There's nothing semantically useful about a match ID.
If you instead made your lobby
field a HashMap<String, MatchId>
, then whenever you get an event from a known player, you can lookup the match they are in from the lobby map and use that to lookup other data about the match (such as the other players) via the matches
field (assuming that was also changed to be a hashmap as described in my previous comment).
I don't think there is a good way of having references within the same struct, but you could store reference counted matches:
matches: Vec<Rc<Match>>,
players: HashMap<String, Rc<Match>>,
You would still have to make sure that the players
map is updated, maybe weak references are useful there.
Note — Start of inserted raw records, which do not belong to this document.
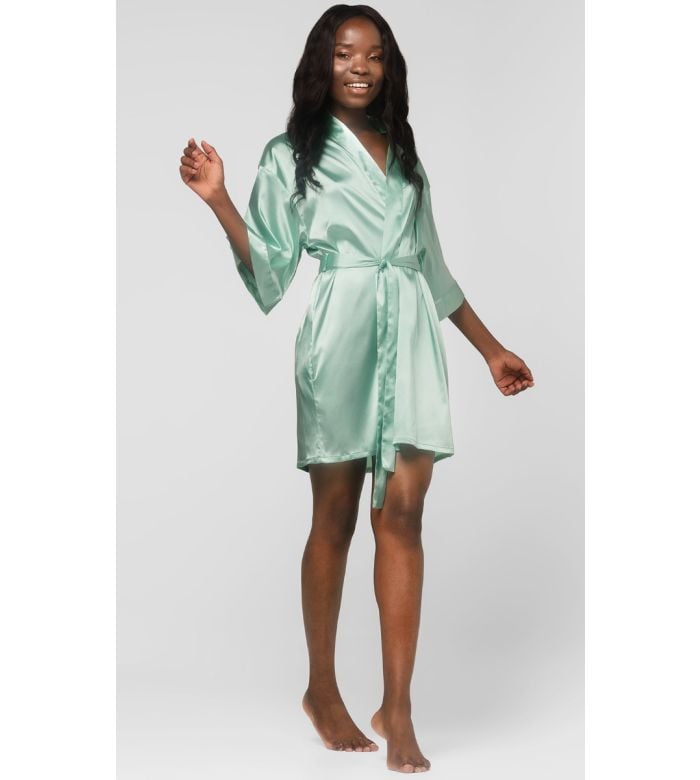 • Item: LM Brands Mint Green Satin Kimono Short Robe LM9060-Mint Green
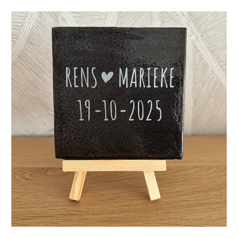 Tegeltjes: de trend van nu. Je ziet ze overal, natuurlijk ook bij van Kootje. Onder ander dit tegeltje met de namen van het bruidspaar en de trouwdatum. Een heel leuk cadeautje om te geven als cadeau op een bruiloft.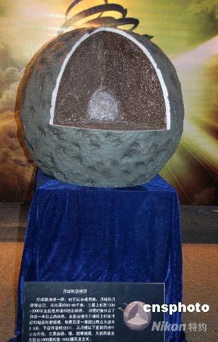 5月30日下午,以“奔月交響曲”為主題的“月球探測(cè)科普展”在中國(guó)科學(xué)技術(shù)館開(kāi)幕,展覽為期兩個(gè)月,向公眾免費(fèi)開(kāi)放。圖為展出的月球構(gòu)造模型。中新社發(fā) 孫自法 攝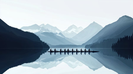 A group of rowers are paddling a boat across a lake. The mountains in the background create a serene and peaceful atmosphere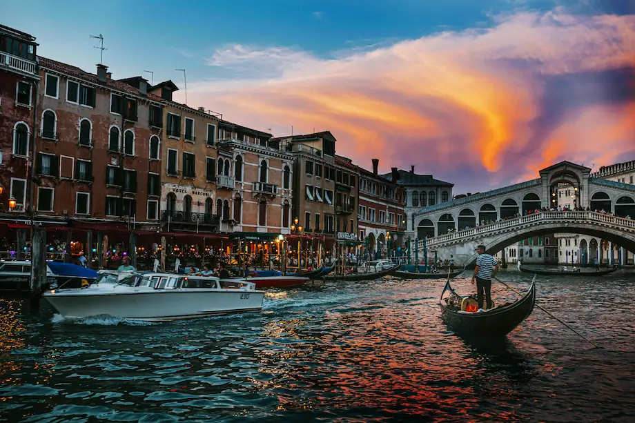 Rejs gondolą: klimatyczna podróż kanałami Wenecji (fakultatywnie).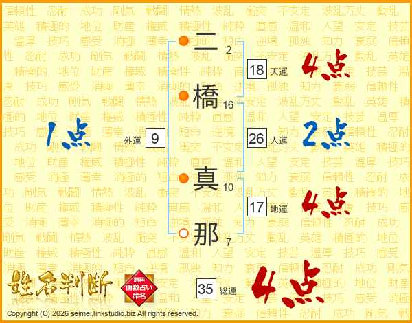 二橋真那さんの総運は35画の4点!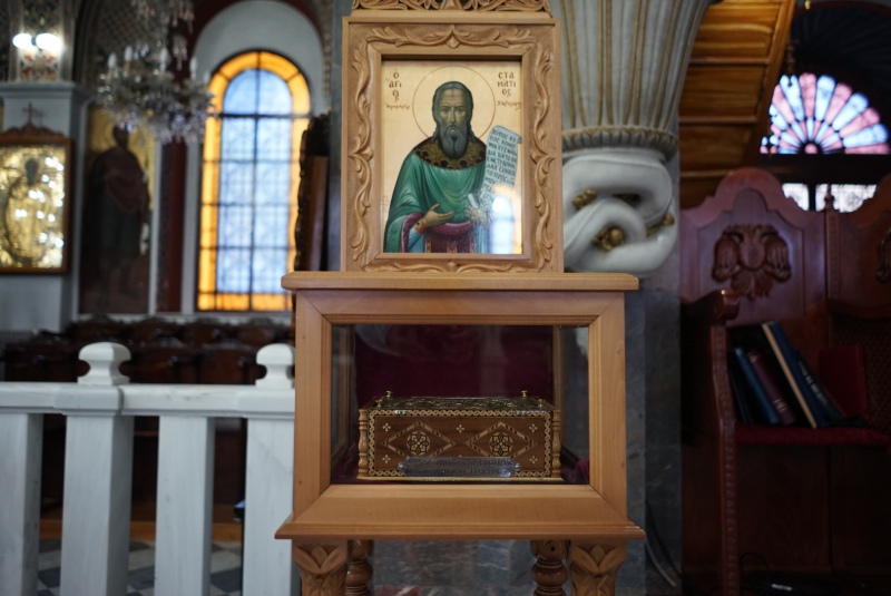 Πάνω σε αυτήν ο Αρχιμανδρίτης Στέφανος Τσιχλής, προιστάμενος του Ναού, αργότερον έγραψε: «Η πάνσεπτος Κάρα του νέου Ιερομάρτυρος Σταματίου Πρεσβυτέρου της Εκκλησίας Αγίου Γεωργίου Βροντάδου της Χίου, ευρόντος φρικτόν μαρτυρικόν θάνατον εν αυτώ τω Ναώ υπό των απίστων Αγαρηνών εν ω ετέλει την Θείαν Μυσταγωγίαν, μη θελήσαντος να την αφήση ατελείωτον εν γνώσει του μέλλοντος τέλους αυτού 1822».

Maybe you could also consider storing the players of a match in the match itself, not outside.
Thanks, the RC is a possible approach. It seems to violate DRY a bit but maybe there's no way around it.
The reason I had the players outside the match is that I need them there anyway, because when I get a player action I need to check in which match they are, who are their opponent(s) and so on. So even if they're in, they'll have to be out too as there are concurrent matches and the player actions come all through the same network stream.